Work to be completed
Output each record exactly as given. Leave out every picture.

The data

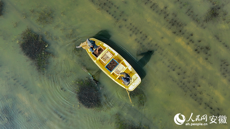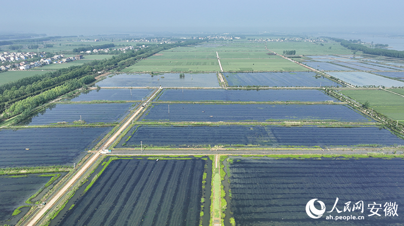 This aerial photo shows a crayfish breeding base in Wuhe county, Bengbu, east China's Anhui Province. (People's Daily Online/Tao Tao)
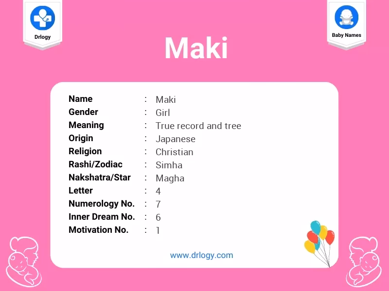 Según la numerología, el nombre Maki resuena con el número 4, lo que sugiere habilidades organizativas, un enfoque práctico de la vida, fiabilidad, trabajo duro, estabilidad y un fuerte sentido de la responsabilidad.
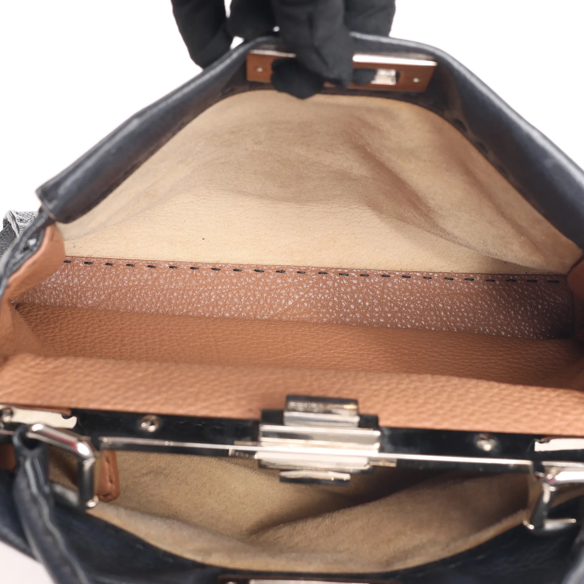 Fendi Peekaboo Regular Selleria Leather Handbag in Black 8BN226
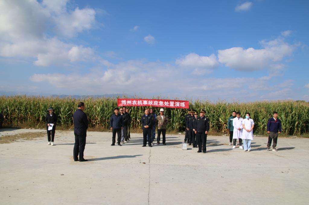 博州农业农村机械化发展中心主任赵大文同志指出此次开展农机事故应急处置演练是检验我州农机监理人员处理突发事故的处置和救援水平一次实测,经过事故报案、案情报告、启动应急预案、救援处置四个部分,充分体现了参演同志反应迅速、运转有序、处置得力、协调一致,达到了预期目的。同时以此次农机安全事故演练为契机,扎实开展落实州农业农村局对“三秋农机安全生产”和“开展三秋农业机械化大培训”工作部署要求,广大农机管理人员要深入学习贯彻习近平总书记关于安全生产重要论述,坚决确保“把人民生命安全放在第一位”,强化农机安全红线意识,切实提高风险隐患排查整改质量,推动农机安全生产责任落实;广大农机服务组织和农机手及时开展农机安全技能培训,牢记安全生产责任,提升农机安全意识。
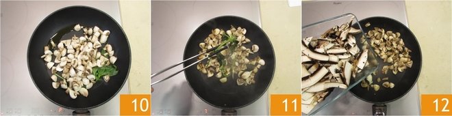 Heat the pan very well and add the button mushrooms 10, let them brown over very high heat for a few minutes, remove the basil 11, and add the rest of the mushrooms 12.
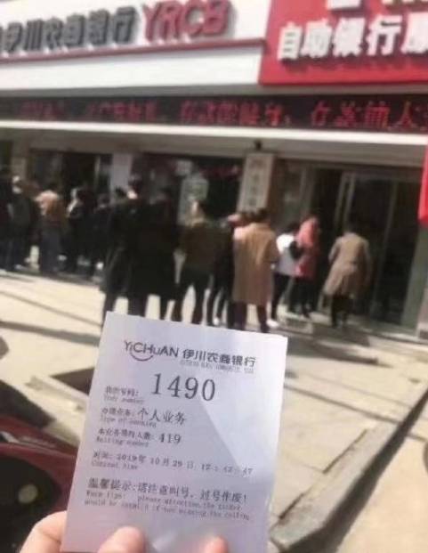 10月29日,河南伊川农商银行多个网点储户争相取钱,取款柜台前排起长队。有网友发布的业务办理单显示,其前面有490人排队。网传视频显示,伊川农商银行凤山分理处、八一路支行等网点对外贴出公告,10月29日营业时间延长至19:30,非营业时间可通过伊川农商银行手机银行、网上银行、自主设备等办理业务。
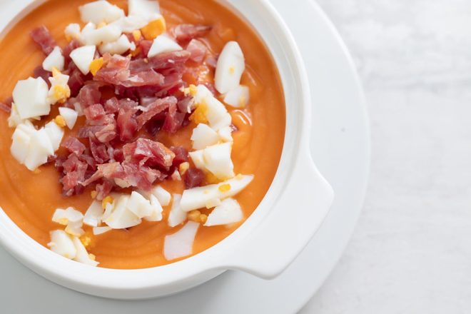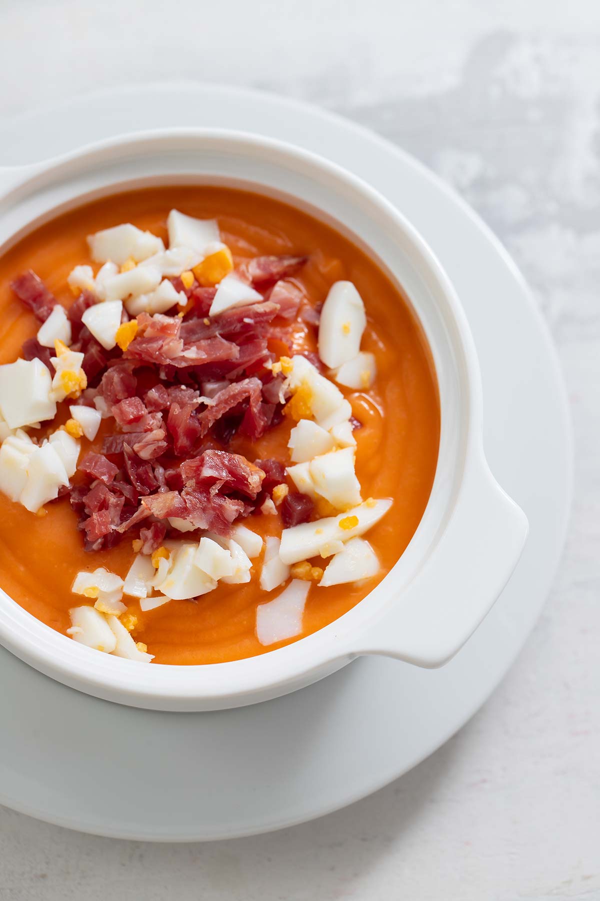 El salmorejo es más denso que el gazpacho, se toma con cuchara. Lo servimos frío en un cuenco o plato hondo, rociado con un chorrito de aceite de oliva, huevo picado y jamón serrano picado.

Your response
 This aerial photo shows a crayfish breeding base in Wuhe county, Bengbu, east China's Anhui Province. (People's Daily Online/Tao Tao)
 Según la numerología, el nombre Maki resuena con el número 4, lo que sugiere habilidades organizativas, un enfoque práctico de la vida, fiabilidad, trabajo duro, estabilidad y un fuerte sentido de la responsabilidad.
 Fendi Peekaboo Regular Selleria Leather Handbag in Black 8BN226
 博州农业农村机械化发展中心主任赵大文同志指出此次开展农机事故应急处置演练是检验我州农机监理人员处理突发事故的处置和救援水平一次实测,经过事故报案、案情报告、启动应急预案、救援处置四个部分,充分体现了参演同志反应迅速、运转有序、处置得力、协调一致,达到了预期目的。同时以此次农机安全事故演练为契机,扎实开展落实州农业农村局对“三秋农机安全生产”和“开展三秋农业机械化大培训”工作部署要求,广大农机管理人员要深入学习贯彻习近平总书记关于安全生产重要论述,坚决确保“把人民生命安全放在第一位”,强化农机安全红线意识,切实提高风险隐患排查整改质量,推动农机安全生产责任落实;广大农机服务组织和农机手及时开展农机安全技能培训,牢记安全生产责任,提升农机安全意识。
 Heat the pan very well and add the button mushrooms 10, let them brown over very high heat for a few minutes, remove the basil 11, and add the rest of the mushrooms 12.
 10月29日,河南伊川农商银行多个网点储户争相取钱,取款柜台前排起长队。有网友发布的业务办理单显示,其前面有490人排队。网传视频显示,伊川农商银行凤山分理处、八一路支行等网点对外贴出公告,10月29日营业时间延长至19:30,非营业时间可通过伊川农商银行手机银行、网上银行、自主设备等办理业务。
 El salmorejo es más denso que el gazpacho, se toma con cuchara. Lo servimos frío en un cuenco o plato hondo, rociado con un chorrito de aceite de oliva, huevo picado y jamón serrano picado.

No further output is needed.